About ten days ago, we got our water bill. It was a hundred dollars. I know that won’t seem like much too many of you (thank you, TVA!), but we normally pay about forty. I was going to just pass it off as “Oh, well, they raised the rates,” when my mind for trivia kicked in. I remembered hearing about a lot of utility companies raising their water rates in an effort to keep usage down, but I didn’t remember hearing that ours was one of them. So, I checked the actual water usage on the bill and compared it to the previous month’s. We had gone from three thousand gallons a month to twenty-three thousand. Uh-oh. That’s gotta spell broken pipe. We got an amateur plumber out here, and he assured us that it wasn’t in the walls of our house. *whew* Makes sense. If you’re losing over 650 gallons of water a day – over twenty-seven an hour – you’d see it in your walls very quickly. That was kinda good news. On the one hand, it meant that we didn’t have to worry about walls collapsing or calling in plumbers and then contractors to turn our house upside down and inside out rebuilding anything. On the other hand, inside the house probably would have been covered by insurance. If it was outside in the ground, it wouldn’t be.
We also didn’t find any water under the house. Another fine non-discovery.
The thing was there wasn’t any water in our courtyard or our driveway, either.
Mmmmm-kay then. Finding the leak and plugging it was going to cost as much (or more) as just having the plumbing company reroute or shunt the water directly under the house. So, we had them reroute it.
Just to make matters worse, our water company takes three or four weeks to get us a bill after a meter reading. This twenty-thousand-gallon-per-month loss was on the bill we got on October 19th. The period it covered was from August 20th to September 20th. That meant that we had another month of leaky pipe that we hadn’t even been charged for. (And, yes, they are going to charge us for the water. The water leak is on our side of the meter, and they don’t care if we “used” it or not; it ran through the meter. I can’t argue with that. It’s gone, and no one else can use it.) Ironically, this happened as we were getting really serious about saving water. We’d been turning off the faucet when we brushed our teeth. We’d been trying to flush only when we, um, “went to the library.” We’d been doing laundry and dishes half as often. Heck, I’d even taken to having a bucket in the shower to catch the unused water so that we could use it for rinsing dishes or whatever. All of that while some phantom leak was sucking out seven times what we normally used.

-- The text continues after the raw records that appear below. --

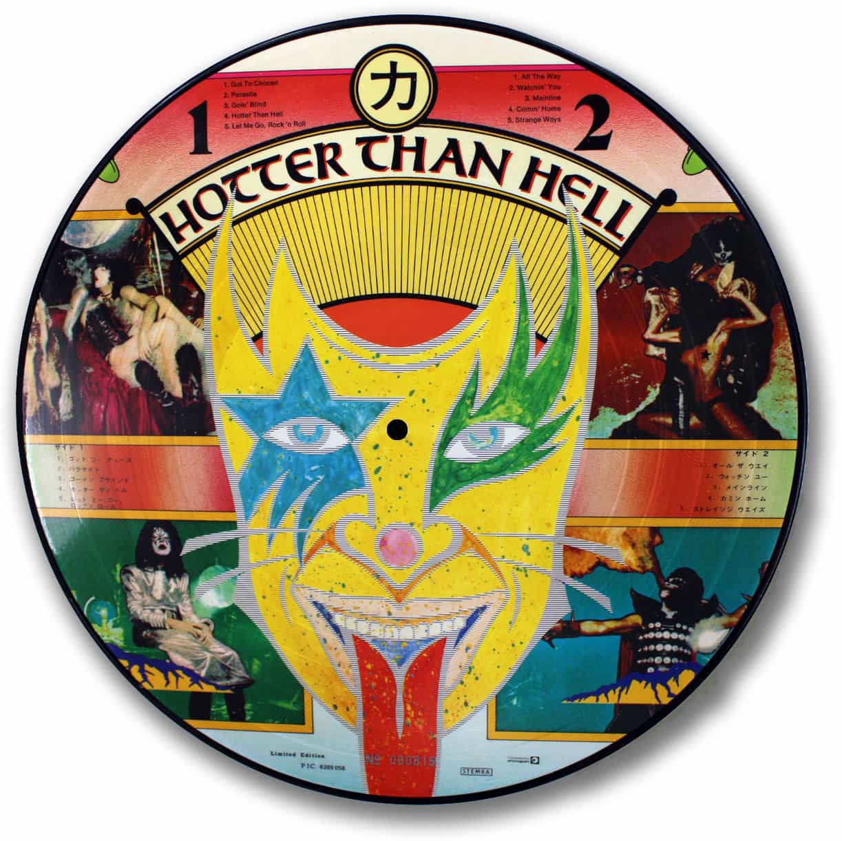 “Hotter than Hell” was the second release from this band. Originally released on regular vinyl in November of 1974 by Casablanca Records. There were approximately 1500 copies of this picture disc released. Each were individually numbered.
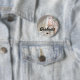 Stylish graduation button featuring a photo of the graduate, a graduate ceremony cap, students name, class year, and the word graduate in a script font.
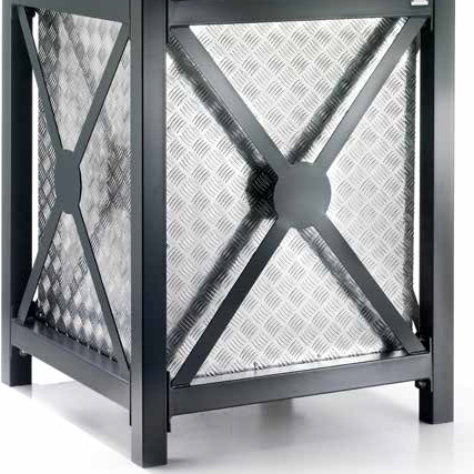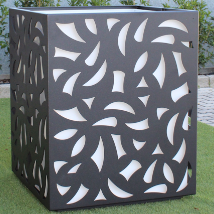 Fioriera quadrata con decori incisi al laser realizzata in acciaio zincato e verniciato.
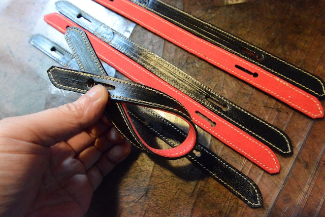 A set of leather and suede Chichikawa for attaching the Himo (strings) to the Men.
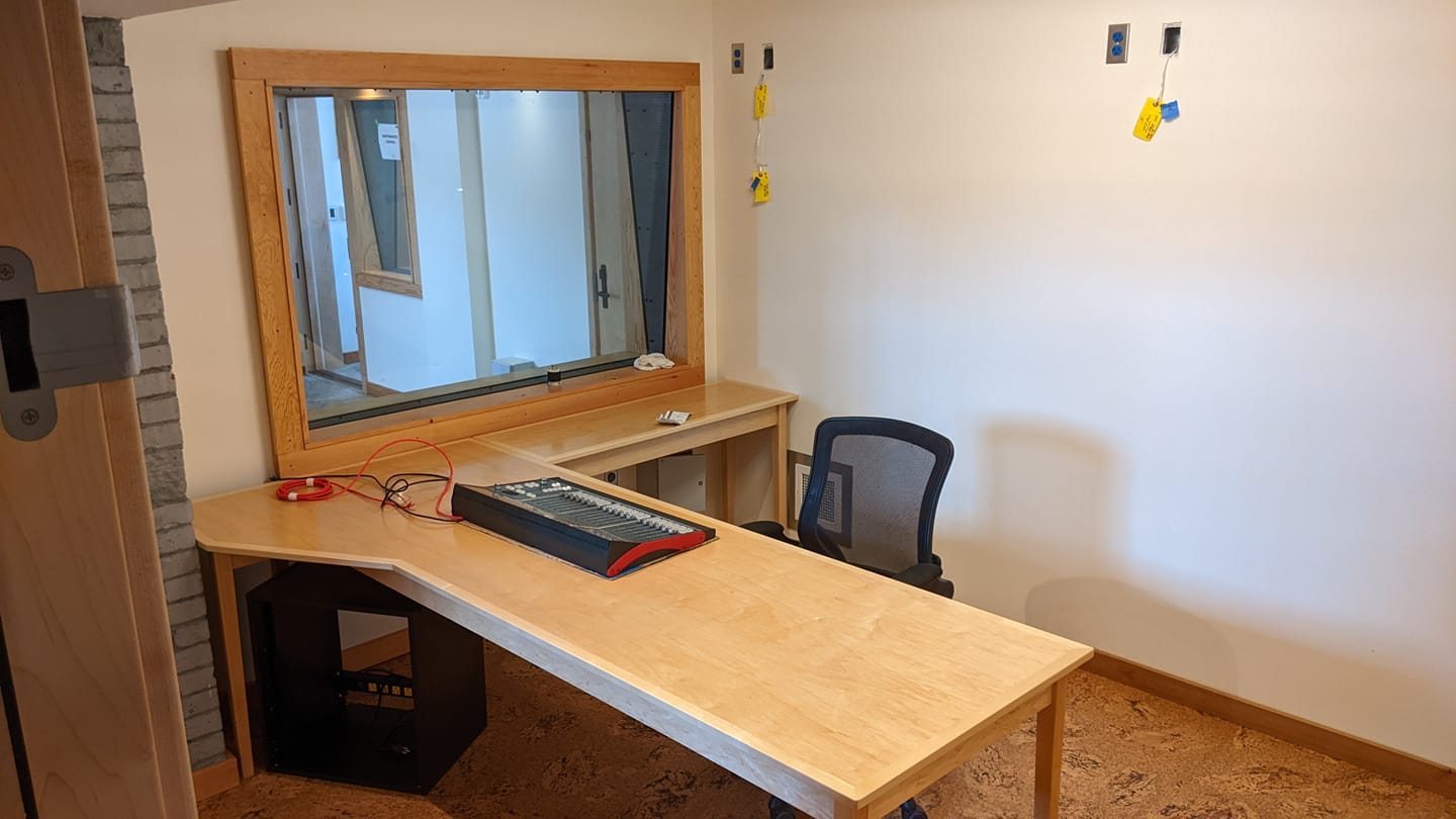One of KPTZ’s new broadcast studios, with custom furniture by Port Townsend woodworker Gary Jonland.

To top it all off, I’m still not working. Disability insurance is only sixty per cent of my usual pay. It’s better than nothing, but it sure won’t help me pay $2300 to have the water problem fixed. Oh, well. Here’s my credit card, Mr. Plumber. Don’t spend it all in one place.
The good news is that I was able to borrow the tool that allowed me to turn off the main water flow. The bad news is that you never really know when you need water. You can plan laundry. You can’t plan “Honey, I’m gonna need to flush this one!”

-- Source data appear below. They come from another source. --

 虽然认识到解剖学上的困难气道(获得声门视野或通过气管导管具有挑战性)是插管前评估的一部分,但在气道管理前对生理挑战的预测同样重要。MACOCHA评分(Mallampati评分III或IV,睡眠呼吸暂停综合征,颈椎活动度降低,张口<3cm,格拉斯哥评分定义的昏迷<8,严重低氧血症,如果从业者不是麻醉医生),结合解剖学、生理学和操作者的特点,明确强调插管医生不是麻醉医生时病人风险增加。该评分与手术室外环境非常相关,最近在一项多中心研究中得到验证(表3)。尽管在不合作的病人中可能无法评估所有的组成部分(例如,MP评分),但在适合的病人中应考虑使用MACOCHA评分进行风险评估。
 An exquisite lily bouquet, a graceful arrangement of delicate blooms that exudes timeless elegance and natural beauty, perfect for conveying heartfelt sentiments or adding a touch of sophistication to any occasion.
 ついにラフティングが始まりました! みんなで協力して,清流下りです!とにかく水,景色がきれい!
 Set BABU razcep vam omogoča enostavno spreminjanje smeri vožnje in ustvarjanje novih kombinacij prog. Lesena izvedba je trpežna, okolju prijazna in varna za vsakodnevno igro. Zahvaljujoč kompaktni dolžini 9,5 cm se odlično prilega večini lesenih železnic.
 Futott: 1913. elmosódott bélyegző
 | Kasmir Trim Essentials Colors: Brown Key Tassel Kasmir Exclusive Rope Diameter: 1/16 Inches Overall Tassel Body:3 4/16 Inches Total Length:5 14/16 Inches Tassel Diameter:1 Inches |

At about the same time, I figured that I should go ahead and make a Shivan Wumpus deck with land destruction. The plumbers would be digging up our courtyard; I’d be digging up manabases. This was the “final” version of the Shivan Wumpus LD deck:
Creatures (8)
Lands (24)
Spells (28)
Yes, it maxes out the twelve non-land rares limit that I arbitrarily set for myself, but that’s only true if you consider Avalanche Riders to be a “rare” just because it was reprinted as a Timeshifted card. For old guys like me, ones who still have the Riders as the original uncommons, it’s most definitely not a rare. Either way, those rares – the eight or the twelve – are pretty cheap.
I’d like to tell you how good this deck is, but I can’t. It’s not that it’s bad. I can’t tell you that, either. You see, I couldn’t find enough people who wanted to test this deck against me. I hate taking land destruction decks into the Casual Decks room on MTGO. I don’t consider land destruction to be casual. However, I needed to start somewhere. Casual Room it was then. Besides, if the deck was bad, my opponents would get a thrill about bragging in the chat window “I just beat a LD deck!!!!1111!11lll!!ll1l!” It didn’t turn out the way that I hoped, at least as far as getting testing in. My first game, I got a third-turn Avalanche Riders. He didn’t drop a land on his next turn, and I followed with a Wumpus, after declining to pay the upkeep on my Riders. He conceded.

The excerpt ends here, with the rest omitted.